"I know it," said Mr. Gibney calmly. "Scraggsy, you're perfectly right. But I'd sooner die fightin' than let them stand me up agin a wall in Ensenada. We're filibusters, Scraggsy, and we're caught with the goods. I, for one, am goin' down with the steamer Maggie, but I'm goin' down fightin' like a bear."
"Maybe—maybe we can outrun her, Gib," half sobbed Captain Scraggs.
"No hope," replied Mr. Gibney. "Fight and die is the last resort. She's eight miles astern and gainin' every minute, and when she's within two miles she'll open fire. Of course we won't be hit unless they've got a Yankee gunner aboard."
"Let's run up the Stars and Stripes and dare 'em to fire on us," said Captain Scraggs.
"No," said Mr. Gibney firmly, "my old man died for the flag an' I've sailed under it too long to hide behind it when I'm in Dutch. We'll fight. If you was ever navigatin' officer on a Colombian gunboat, Scraggs, you'd realize what it means to run from a Mexican."
Captain Scraggs said nothing further. Perhaps he was a little ashamed of himself in the face of Mr. Gibney's simple faith in his own ability; perhaps in his veins, all unknown, there flowed a taint of the heroic blood of some forgotten sea-dog. Be that as it may, something did swell in his breast when Mr. Gibney spoke of the flag and his scorning to hide behind it, and Scraggs's snaggle teeth came together with a snap.
"All right, Gib, my boy," he said solemnly, "I'm with you. Mrs. Scraggs has slipped her cable and there ain't nobody to mourn for me. But if we can't fight under the Stars and Stripes, by the tail of the Great Sacred Bull, we'll have a flag of our own," and leaving Mr. Gibney and the crew to get the guns on deck, Captain Scraggs ran below. He appeared on deck presently with a long blue burgee on which was emblazoned in white letters the single word Maggie. It was his own houseflag, and with trembling hands he ran it to the fore and cast its wrinkled folds to the breeze of heaven.

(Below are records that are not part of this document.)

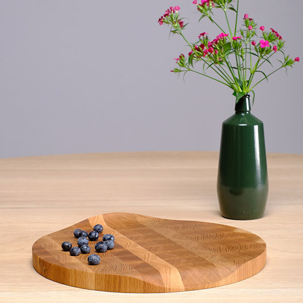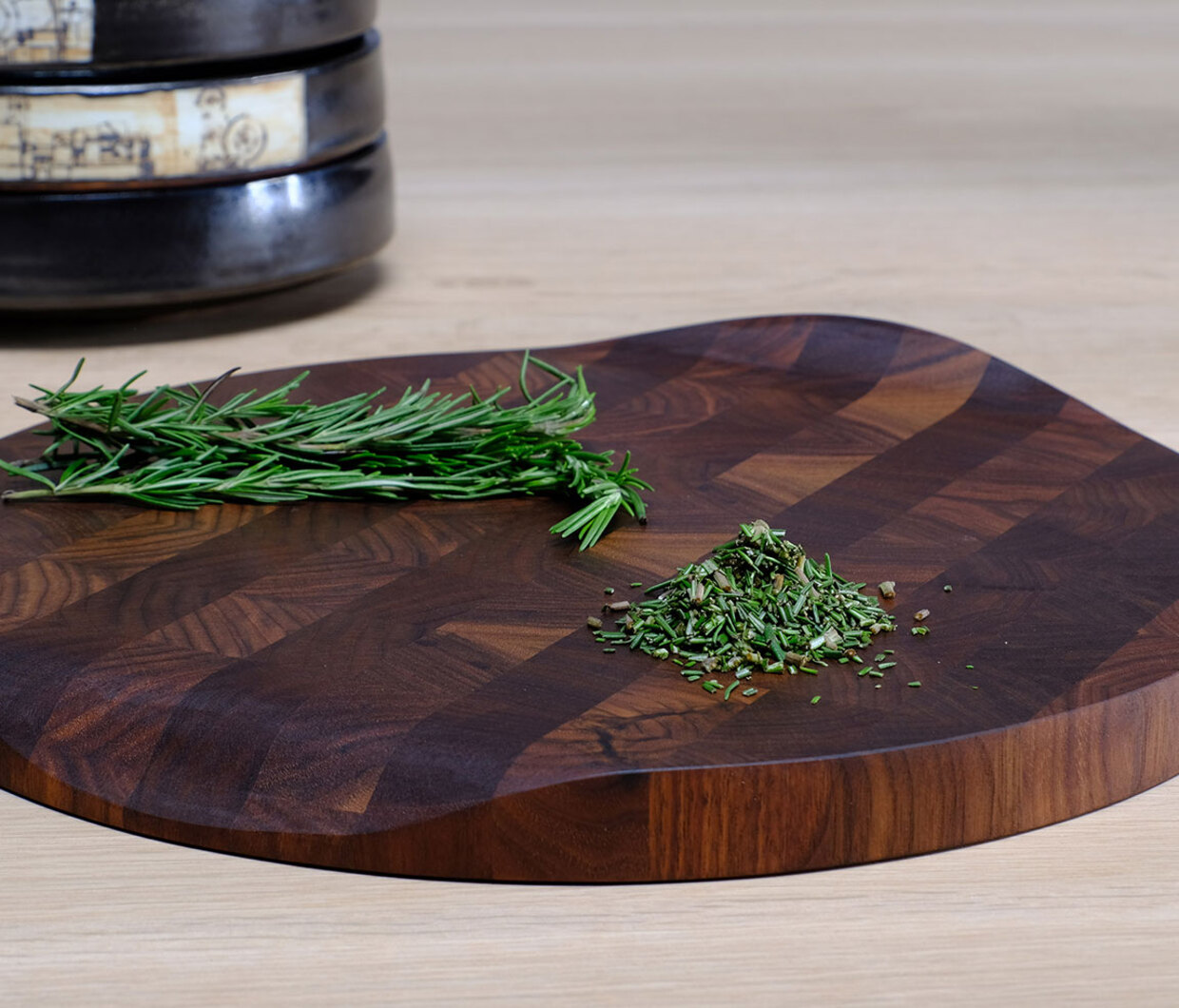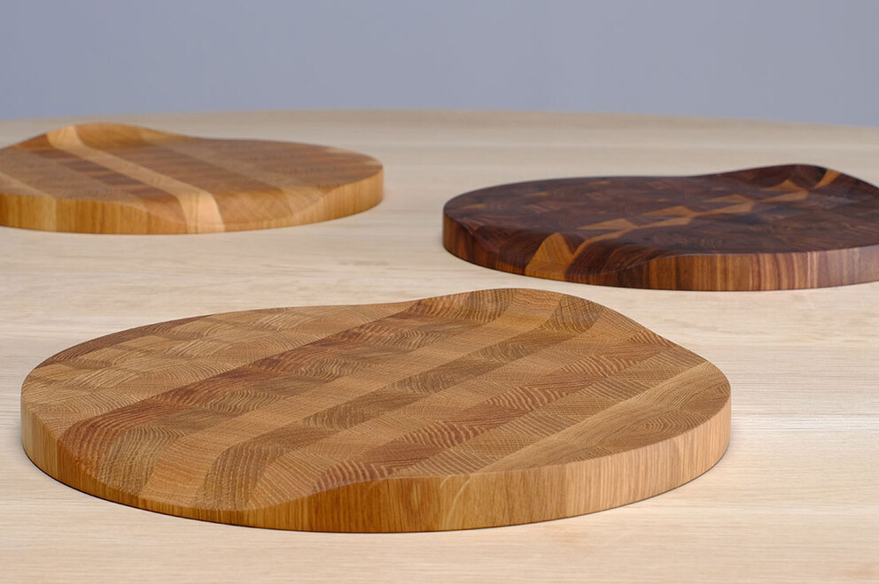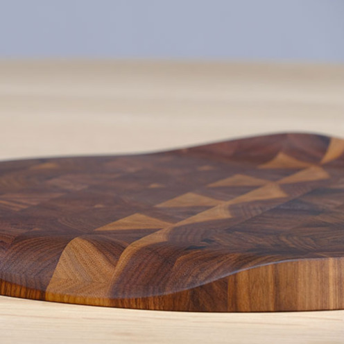 Serving board is an end-grain (butcher block) serving accessory developed by skram to utilize offcuts from the manufacture of large tables and casegoods. The product is intended for commercial or residential use. It is offered in a standard 14” diameter with a carved, integral handle and slope. Custom contract production of variants of this item is possible for hospitality contexts. This product may be subject to wholesale minimums.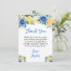 Cartão De Agradecimento Blue and Yellow Floral Birthday Party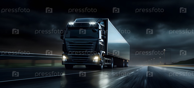 Мчащийся современный скоростной грузовик на размытом фоне

"Good old dishcloth!" shrieked Mr. Gibney. "She never comes down."
"Damned if she does," said Captain Scraggs profanely.
While all this was going on a deckhand had reeved a block and tackle through the end of the cargo gaff and passed it to the winch. The two guns came out of the hold in jig time, and while Scraggs and one deckhand opened the after hold and got out ammunition for the guns, Mr. Gibney, assisted by the other deckhand, proceeded to put one of the guns together. He was shrewd enough to realize that he would have to do practically all of the work of serving the gun himself, in view of which condition one gun would have to defend the Maggie. He had never seen a mountain gun before, but he did not find it difficult to put the simple mechanism together.